4. Estimate the albedo and surface normals. For this, you need to fill in code in `photometric_stereo.m`, which is a function taking as input the image stack corresponding to the different light source directions and the matrix of of the light source directions, and returning an albedo image and surface normal estimates. The latter should be stored in a three-dimensional matrix. That is, if your original image dimensions are h x w, the surface normal matrix should be h x w x 3, where the third dimension corresponds to the x-, y-, and z-components of the normals. To solve for the albedo and the normals, you will need to set up a linear system as shown in slide 20 of Lecture 4.

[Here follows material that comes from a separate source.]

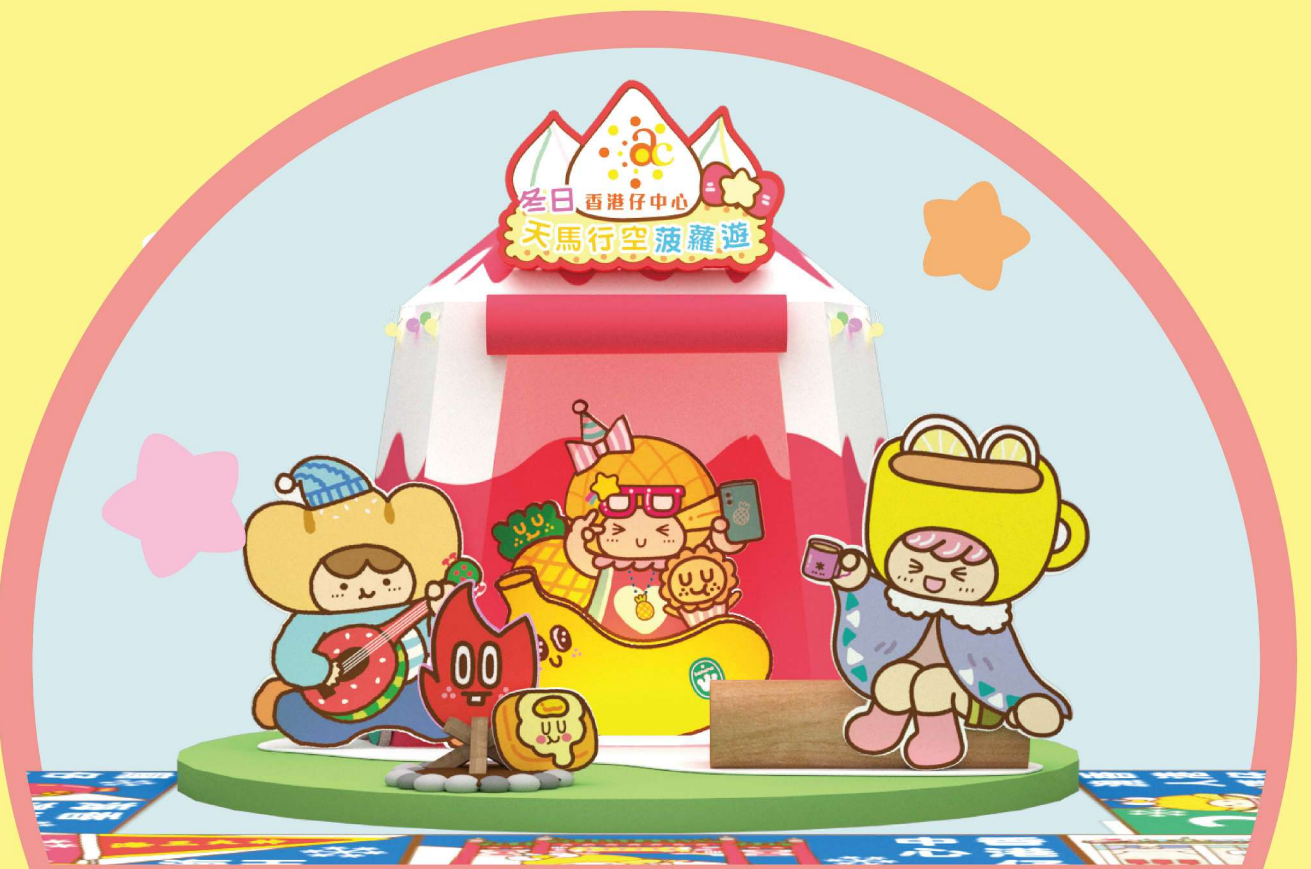
「檸茶妹妹冬日營火會」 @香港仔露天廣場

5. Compute the surface height map by integration. The method is shown in slide 23 of Lecture 4, except that instead of continuous integration of the partial derivatives over a path, you will simply be summing their discrete values. Your code implementing the integration should go in the get_surface.m file. As stated in the slide, to get the best results, you should compute integrals over multiple paths and average the results. You should implement the following variants of integration:
Integrating first the rows, then the columns. That is, your path first goes along the same row as the pixel along the top, and then goes vertically down to the pixel. It is possible to implement this without nested loops using the cumsum function.
Integrating first along the columns, then the rows.
Average of the first two options.
Average of multiple random paths. For this, it is fine to use nested loops. You should determine the number of paths experimentally.

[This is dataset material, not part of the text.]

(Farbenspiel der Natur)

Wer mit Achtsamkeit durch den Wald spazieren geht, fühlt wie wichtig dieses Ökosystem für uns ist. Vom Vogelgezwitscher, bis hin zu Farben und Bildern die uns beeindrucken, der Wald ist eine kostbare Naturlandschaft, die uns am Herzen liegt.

6. Display the results using functions `display_output` and `plot_surface_normals` included in the zip archive.

**Hint for No.3:** these operations can be done without using any loops whatsoever. You may want to look into MATLAB’s `bsxfun` function.

**Hints for No.4:**

– To get the least-squares solution of a linear system, use MATLAB’s backslash operator. That is, the solution to Ax = b is given by x = A\b.
– If you directly implement the formulation of slide 20 of the lecture, you will have to loop over every image pixel and separately solve a linear system in each iteration. There is a way to get all the solutions at once by stacking the unknown g vectors for every pixel into a 3 x npix matrix and getting all the solutions with a single application of the backslash operator.
– You will most likely need to reshape your data in various ways before and after solving the linear system. Useful MATLAB functions for this include reshape and cat.
– You may also need to use element-wise operations. For example, for two equal-size matrices X and Y, X .* Y multiplies corresponding elements, and X.^2 squares every element. As before, bsxfun can also be a very useful function here.

### Extra Credit
On this assignment, there are not too many opportunities for “easy” extra credit. This said, here are some ideas for exploration:

* Generate synthetic input data using a 3D model and a graphics renderer and run your method on this data. Do you get better results than on the face data? How close do you get to the ground truth (i.e., the true surface shape and albedo)?
* Investigate more advanced methods for shape from shading or surface reconstruction from normal fields.
* Try to detect and/or correct misalignment problems in the initial images and see if you can improve the solution.
* Using your initial solution, try to detect areas of the original images that do not meet the assumptions of the method (shadows, specularities, etc.). Then try to recompute the solution without that data and see if you can improve the quality of the solution.

If you complete any work for extra credit, be sure to clearly mark that work in your report.